CC Sabathia? Eight starts and done for the year. Michael Pineda? At six and trying to make it to the end of the year. Ivan Nova? Four and off to Tommy John. Add in Masahiro Tanaka, who's still on the DL with 18 starts thanks to a partially torn ulnar collateral ligament, and all that's left is 39-year-old Hiroki Kuroda, who's having the worst season of his major league career.

Somehow the Yankees are 67-61 with less than half their games coming from starters in their rotation April 1. They've cobbled together 128 starts from 12 pitchers, and to great effect of late. Since the All-Star break, their ERA is 3.35, among baseball's top 10. It's not quite that of the …

Perhaps Alex Cobb will help ease Tampa's sting of losing David Price. (AP)
Perhaps Alex Cobb will help ease Tampa's sting of losing David Price. (AP)

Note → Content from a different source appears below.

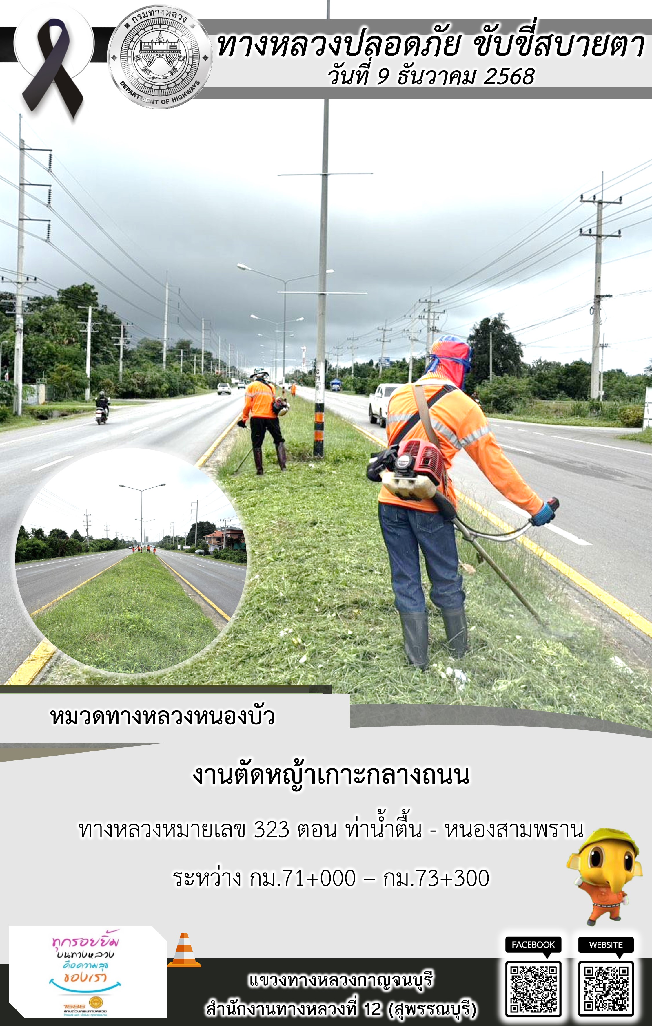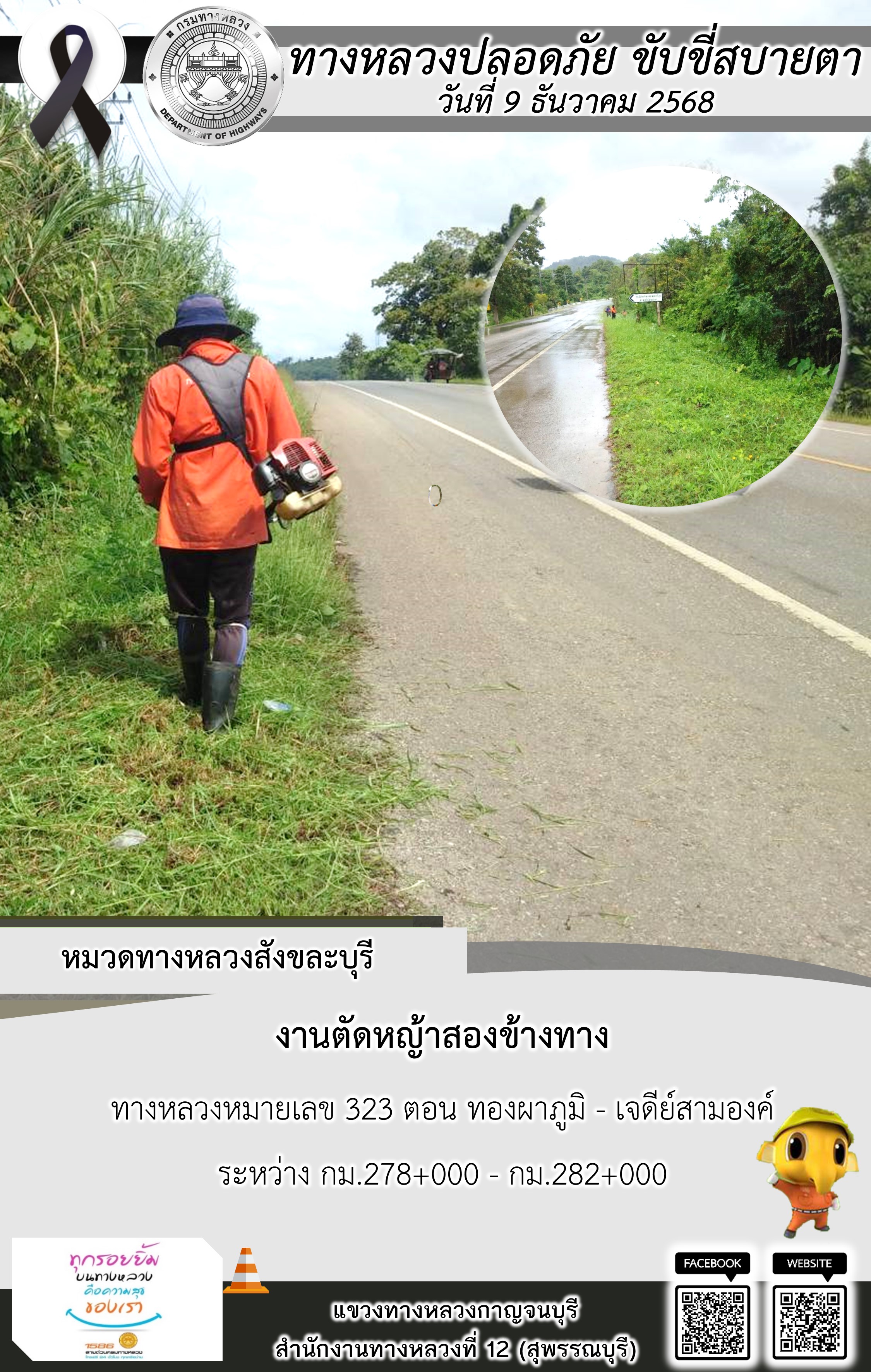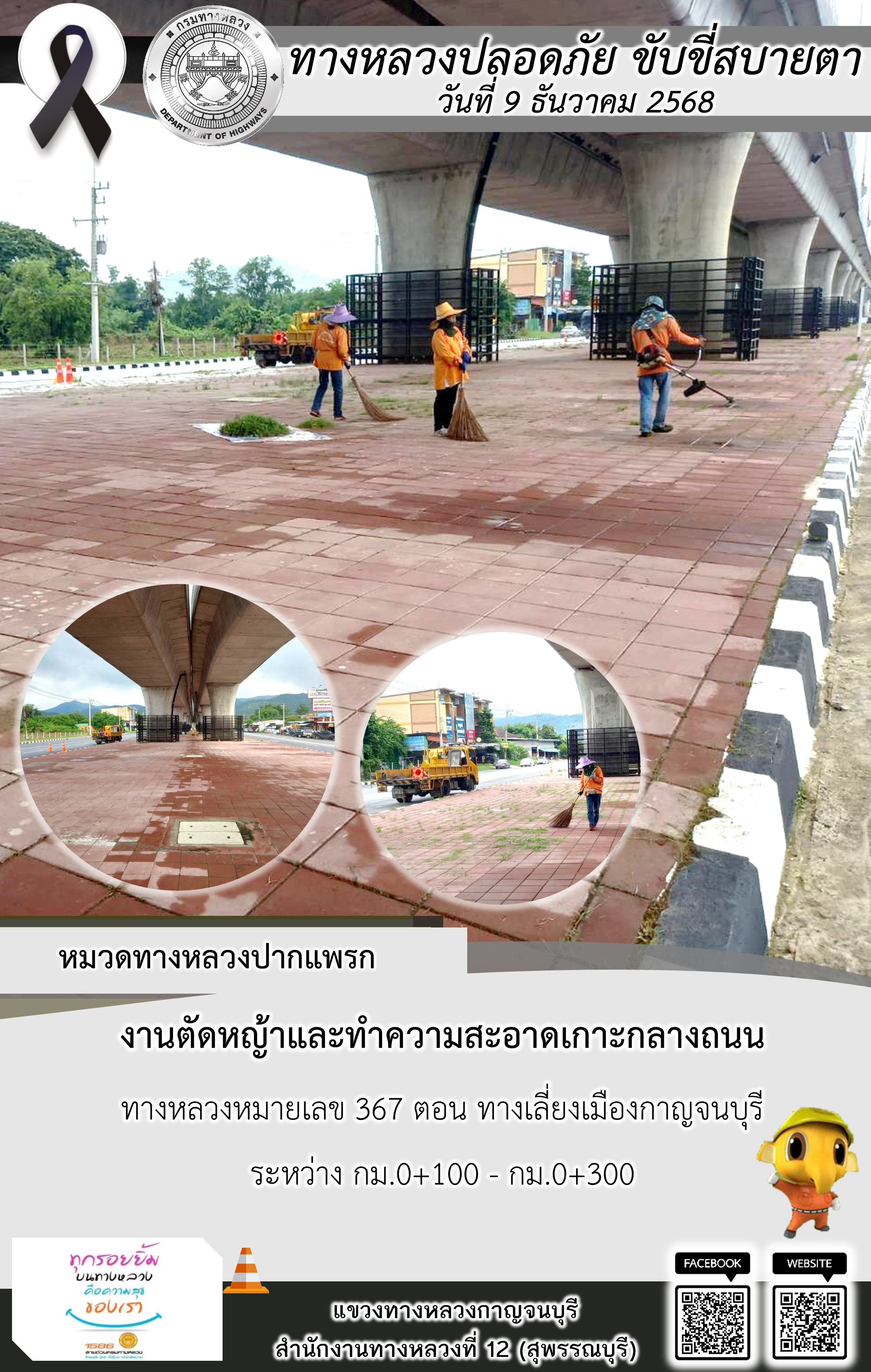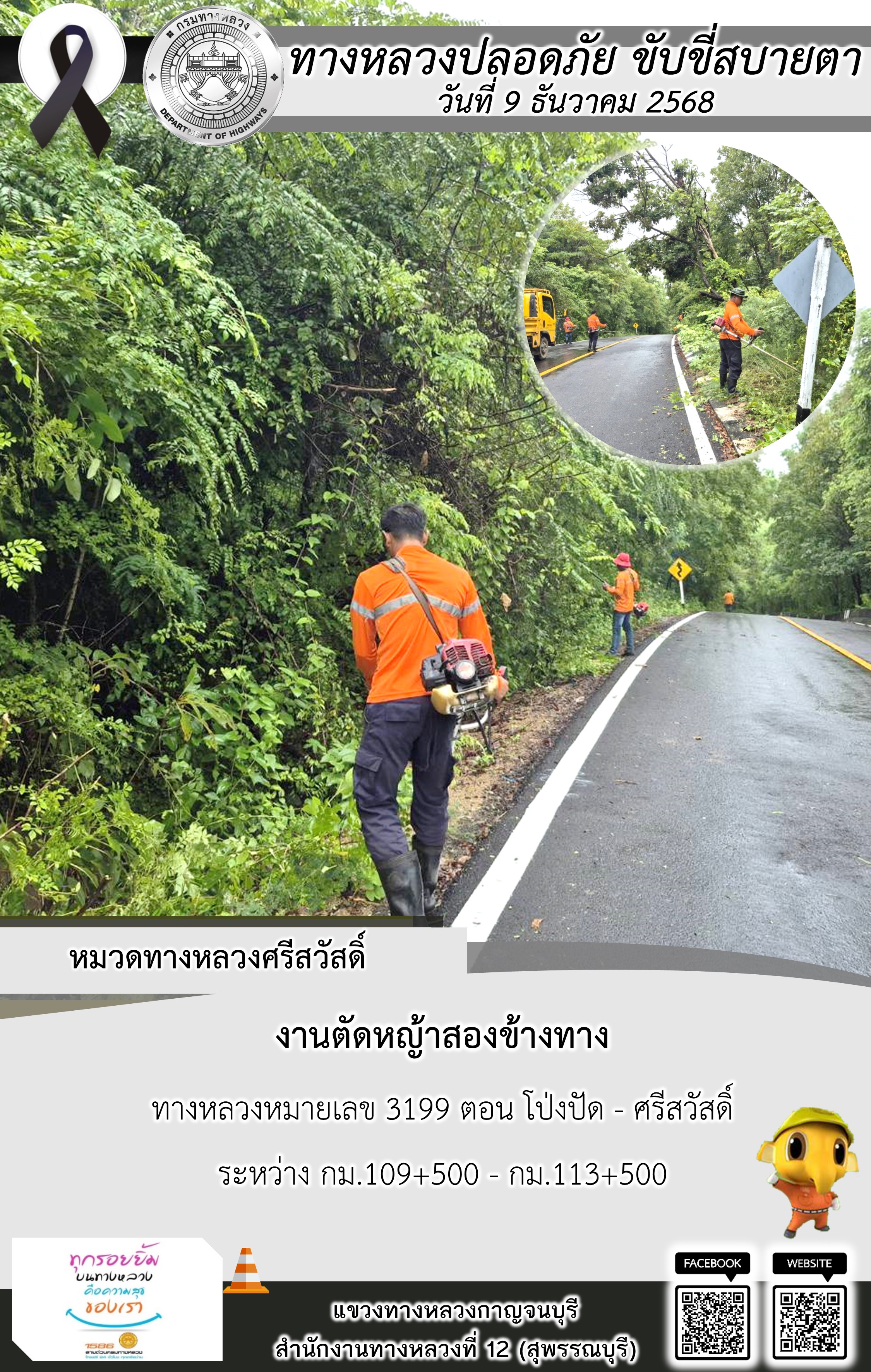 แขวงทางหลวงกาญจนบุรี โดยหมวดทางหลวงในสังกัด และงานอำนวยความปลอดภัยปฏิบัติงาน ประจำวันที่ 9 ธ.ค. 68

9. Tampa Bay Rays or Seattle Mariners, the two finest rotations over the last month and change. Even after losing Matt Moore to Tommy John in April and trading Price, the Rays remain loaded with starting pitching, from Alex Cobb (his 1.16 ERA since the break ranks second to Corey Kluber's 1.15) to Chris Archer (no sophomore slump here) to Drew Smyly (whom the Rays control for four more full seasons) to Jake Odorizzi (153 strikeouts in 136 1/3 innings as a rookie).

Like the Mariners, the Rays could use some more offense, though that can wait for Tampa, with their season done. Seattle, on the other hand, isn't the punchless wonder of seasons past but won't conjure visions of the '27 Yankees anytime soon. Their bread, butter, main course, dessert and aperitif is their pitching staff, with their 413 runs allowed 34 fewer than the next-best team (Washington) and a team ERA of 2.95 that could be the lowest since the '89 Dodgers' posted a 2.95 and somehow finished below .500 and in fourth place.

These Mariners are too good for that, their bullpen too strong and deep, and considering how the …

10. Oakland A's are playing, the half-dozen games which they sit behind the A's at the moment don't seem nearly as daunting as they did. Though it's probably advisable for neither Seattle nor Los Angeles nor anyone, frankly, to look at these A's through the lens of the past month.

Because they've still got Lester pitching his very finest, and Gray with front-of-the-rotation stuff – not to mention the second-most quality starts in the league, tied with Lester, behind only Cy Young favorite Felix Hernandez – and they'll get enough out of Samardzija or Kazmir or Hammel or Chavez to fill in the gaps thereafter.

Every team goes through a hiccup, and this is Oakland's. It's not time to panic. It's not time to jump off the bandwagon. It's time to recognize this for what it is: a blip. Because once the A's start playing like the A's of the first 100 or so games, they'll reassert themselves as the team to beat in the AL, which they've been all year and will continue to be.

They may not have the same rotation they did opening day, but their pitching is healthy. And these days, that's practically the whole battle.